### The input
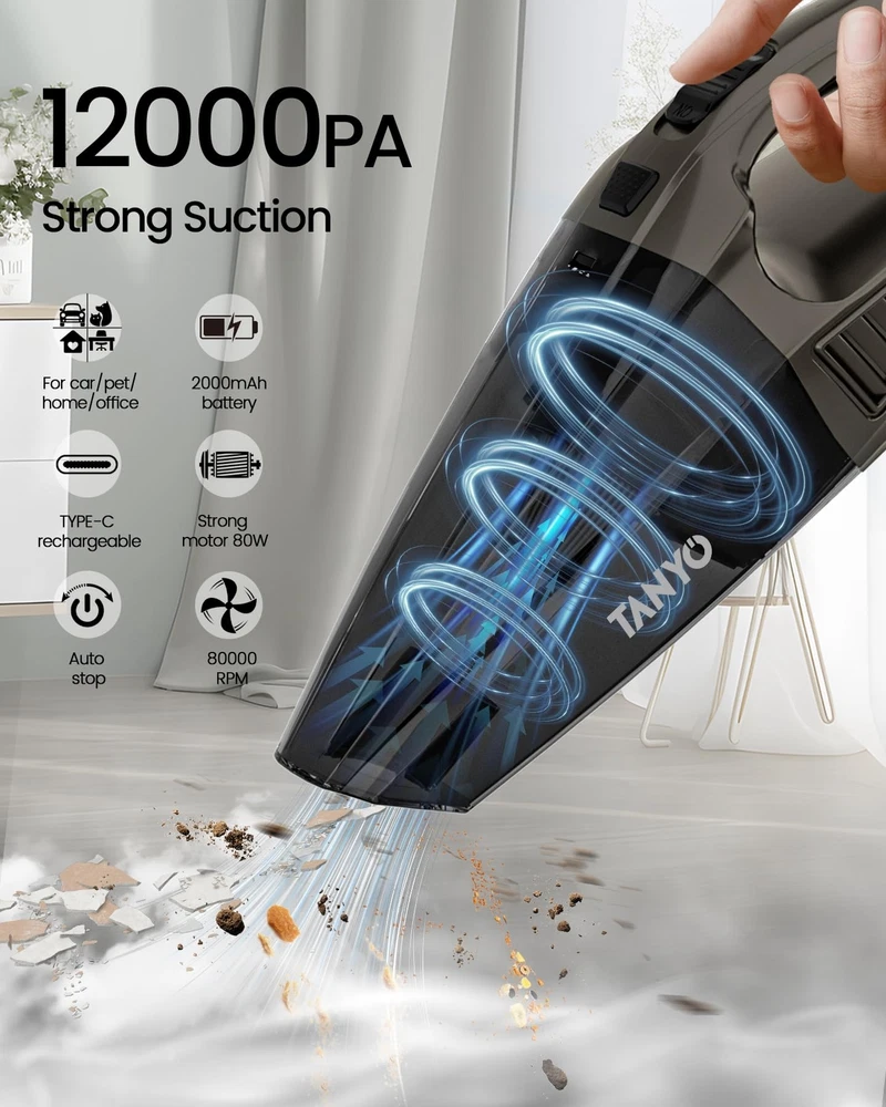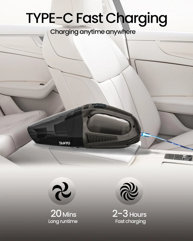 Power Suction & Brushless Motor: FA15BS handheld vacuum features an updated brushless motor with a suction power of 12000 Pa (Max mode). With a suction speed of up to 80,000 r/min, it effectively cleans dirt and deposits such as pet hair, confetti, dust, and soot. The powerful suction helps you complete your cleaning quickly. Car vacuum portable has a quieter noise reduction system with a brushless motor. The brushless motor lasts longer and is quieter than the brushed mode. Charging & Runtime: Wireless handheld vacuum comes with a 2000 *2 mAh rechargeable lithium-Ion battery and a Type-C charging port that takes almost 4 hours to fully charge for a full charge and offers about 20 minutes of continuous use. The red indicator means it's charging, and the green indicator is fully charged. With the multifunctional Type-C USB charging port, you can conveniently charge hand held vacuum in your car or anywhere else you want. Cordless & Portable Design: There are colors available for the dust cups, but their functions are the same. The hand vacuum cordless rechargeable packaging measures 11.4*3.9*4.4 inches and weighs only 1.1 lbs. Hand vacuum comes with a cordless design, so it can help you clean anywhere and at any time. Mini vacuum cleaner is easy to carry and can be suitable for all occasions(drawer, car, or storage cabinet). So whether it's your car, home, or office, you can clean easily and efficiently! Stainless Steel Washable HEPA Filter: The HEPA filter of car vacuums with best suction cordless is made up of washable, durable stainless steel filter material, which captures dust more efficiently and lasts longer. It also includes an extra HEPA filter of the same material in the packaging, which may be replaced at any time. In addition, small vacuum cleaner will automatically shut off when the HEPA filter becomes dirty, indicating that it needs be cleaned. PACKAGING ACCESSORIES & SERVICE: FA15BS hand held vacuum has these some accessories, include car vacuum cleaner, crevice tool, dust brush, extra washable stainless steel HEPA filter, drawstring bag, charging cord, user manual, cleaning brush. All the accessories you can put inside the drawstring bag, easy for you to carry and . Also, if you have any questions or problems with the quality of the product, please do not hesitate to our team, we will help you to solve problems.
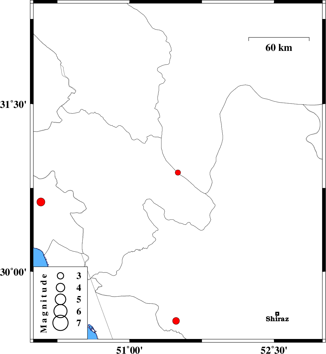 | 2016/03/17 | 14:25:57.5 | 17:55:57.5 | 29.555 | 51.482 | 9 | ML:3.2 | Fars Province, 18 km -West of Kazerun | ||
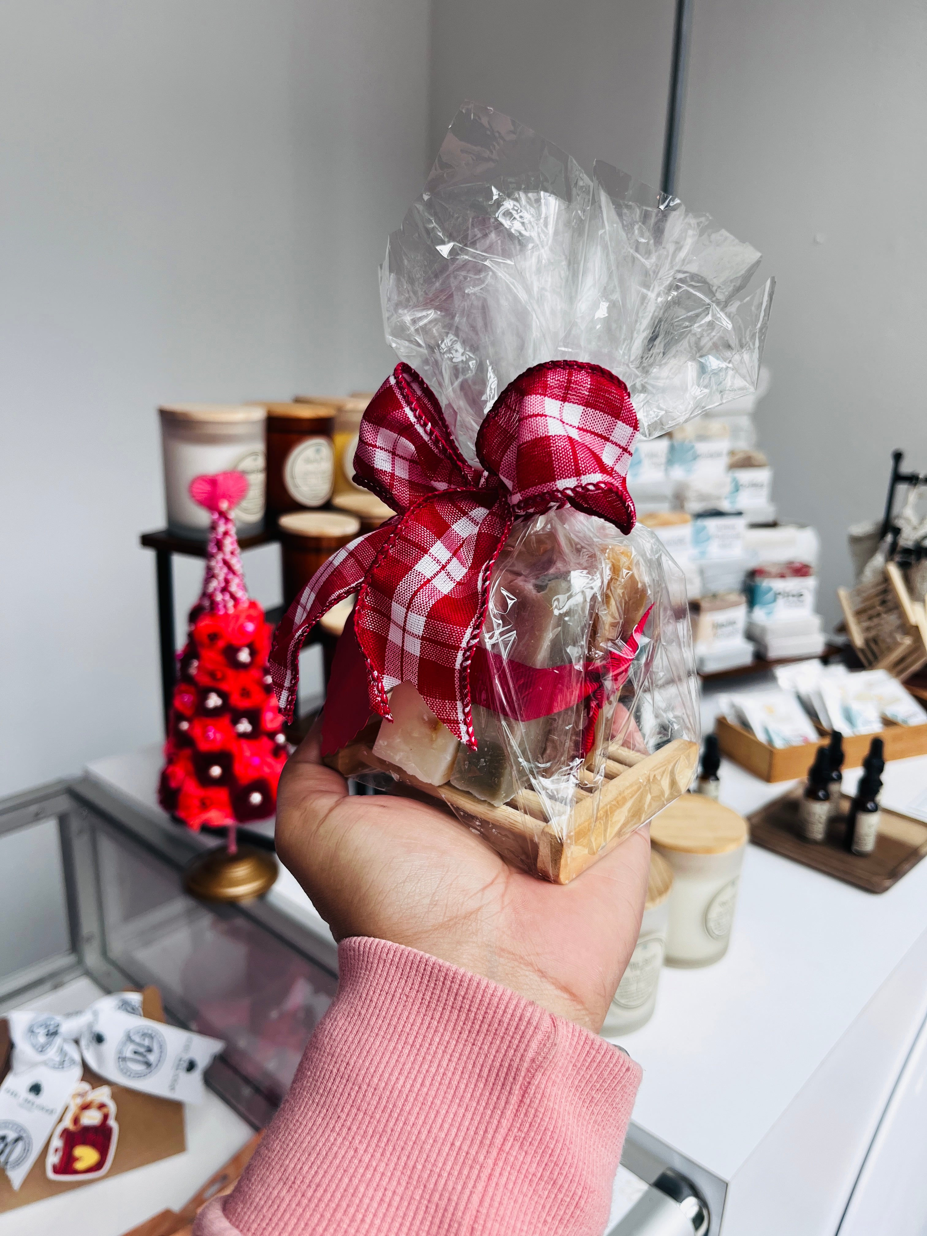 # Valentine's Drop Product Description Celebrate love with our exclusive Valentine's collection—a curated selection of handcrafted soaps, luxurious whipped scrubs, and aromatic candles designed to elevate intimate moments. Each piece features our signature spa-inspired aesthetic with warm, sensual scents and premium packaging perfect for gifting or self-indulgence. Treat yourself or that special someone to the ultimate pampering experience this season of romance.
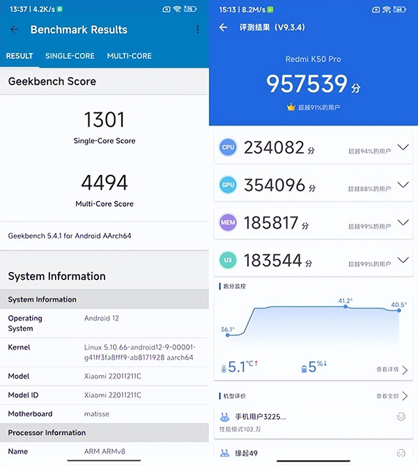 首先是傳統(tǒng)的跑分測(cè)試,小米12 Pro安兔兔分?jǐn)?shù)為956782分;Geekbench單核分?jǐn)?shù)為1196分,多核分?jǐn)?shù)為3602分。Redmi K50 Pro安兔兔分?jǐn)?shù)為957539分;Geekbench單核分?jǐn)?shù)為1301分,多核分?jǐn)?shù)為4494分。在跑分測(cè)試中,Redmi K50 Pro相比于小米12 Pro有著一定程度的優(yōu)勢(shì)。
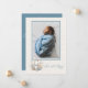 This cute baby boy birth announcement features a bunny rabbit surrounded by flowers in soft shades of blue on a background of polka dots. Personalise the front and back with your choice of name and special text.
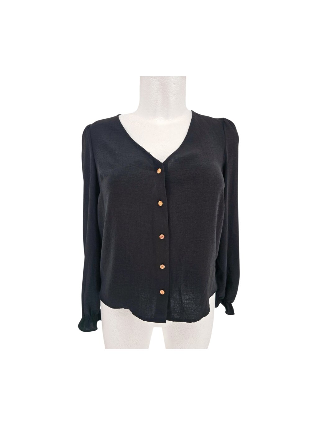 vel. S - 38 - splývavá průhledná propínací halenka, volný střih , jako nová , ještě má pytlíček s náhradním knoflíkem , uvnitř na ramenou poutka na top,...
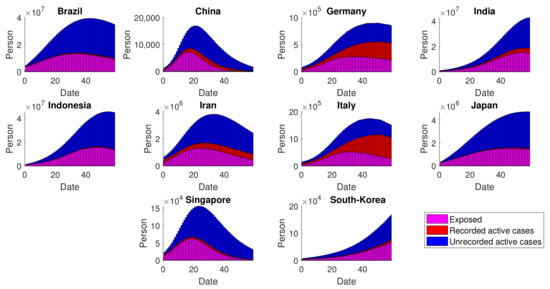 Simulation of E, I and R are obtained directly from substituting into and , respectively. For the ten observed countries, the dynamics of (Exposed–Infected–Recovery) are given in Figure 6, omitting the S compartment form visualization due to its scale problem.
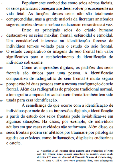 o segundo e o terceiro parágrafos passassem a compor um único parágrafo mediante a união de ambos de uma das seguintes formas: (...) da identificação do indivíduo sob exame, porquanto, como as impressões digitais, (...) ou (...) da identificação do indivíduo sob exame, uma vez que, como as impressões digitais, (...).

### Aim of the exercise
All of the material goes into the answer exactly as it stands, except for the pictures.

### Answer to this problem
 Power Suction & Brushless Motor: FA15BS handheld vacuum features an updated brushless motor with a suction power of 12000 Pa (Max mode). With a suction speed of up to 80,000 r/min, it effectively cleans dirt and deposits such as pet hair, confetti, dust, and soot. The powerful suction helps you complete your cleaning quickly. Car vacuum portable has a quieter noise reduction system with a brushless motor. The brushless motor lasts longer and is quieter than the brushed mode. Charging & Runtime: Wireless handheld vacuum comes with a 2000 *2 mAh rechargeable lithium-Ion battery and a Type-C charging port that takes almost 4 hours to fully charge for a full charge and offers about 20 minutes of continuous use. The red indicator means it's charging, and the green indicator is fully charged. With the multifunctional Type-C USB charging port, you can conveniently charge hand held vacuum in your car or anywhere else you want. Cordless & Portable Design: There are colors available for the dust cups, but their functions are the same. The hand vacuum cordless rechargeable packaging measures 11.4*3.9*4.4 inches and weighs only 1.1 lbs. Hand vacuum comes with a cordless design, so it can help you clean anywhere and at any time. Mini vacuum cleaner is easy to carry and can be suitable for all occasions(drawer, car, or storage cabinet). So whether it's your car, home, or office, you can clean easily and efficiently! Stainless Steel Washable HEPA Filter: The HEPA filter of car vacuums with best suction cordless is made up of washable, durable stainless steel filter material, which captures dust more efficiently and lasts longer. It also includes an extra HEPA filter of the same material in the packaging, which may be replaced at any time. In addition, small vacuum cleaner will automatically shut off when the HEPA filter becomes dirty, indicating that it needs be cleaned. PACKAGING ACCESSORIES & SERVICE: FA15BS hand held vacuum has these some accessories, include car vacuum cleaner, crevice tool, dust brush, extra washable stainless steel HEPA filter, drawstring bag, charging cord, user manual, cleaning brush. All the accessories you can put inside the drawstring bag, easy for you to carry and . Also, if you have any questions or problems with the quality of the product, please do not hesitate to our team, we will help you to solve problems.
 | 2016/03/17 | 14:25:57.5 | 17:55:57.5 | 29.555 | 51.482 | 9 | ML:3.2 | Fars Province, 18 km -West of Kazerun | ||
 # Valentine's Drop Product Description Celebrate love with our exclusive Valentine's collection—a curated selection of handcrafted soaps, luxurious whipped scrubs, and aromatic candles designed to elevate intimate moments. Each piece features our signature spa-inspired aesthetic with warm, sensual scents and premium packaging perfect for gifting or self-indulgence. Treat yourself or that special someone to the ultimate pampering experience this season of romance.
 首先是傳統(tǒng)的跑分測(cè)試,小米12 Pro安兔兔分?jǐn)?shù)為956782分;Geekbench單核分?jǐn)?shù)為1196分,多核分?jǐn)?shù)為3602分。Redmi K50 Pro安兔兔分?jǐn)?shù)為957539分;Geekbench單核分?jǐn)?shù)為1301分,多核分?jǐn)?shù)為4494分。在跑分測(cè)試中,Redmi K50 Pro相比于小米12 Pro有著一定程度的優(yōu)勢(shì)。
 This cute baby boy birth announcement features a bunny rabbit surrounded by flowers in soft shades of blue on a background of polka dots. Personalise the front and back with your choice of name and special text.
 vel. S - 38 - splývavá průhledná propínací halenka, volný střih , jako nová , ještě má pytlíček s náhradním knoflíkem , uvnitř na ramenou poutka na top,...
 Simulation of E, I and R are obtained directly from substituting into and , respectively. For the ten observed countries, the dynamics of (Exposed–Infected–Recovery) are given in Figure 6, omitting the S compartment form visualization due to its scale problem.
 o segundo e o terceiro parágrafos passassem a compor um único parágrafo mediante a união de ambos de uma das seguintes formas: (...) da identificação do indivíduo sob exame, porquanto, como as impressões digitais, (...) ou (...) da identificação do indivíduo sob exame, uma vez que, como as impressões digitais, (...).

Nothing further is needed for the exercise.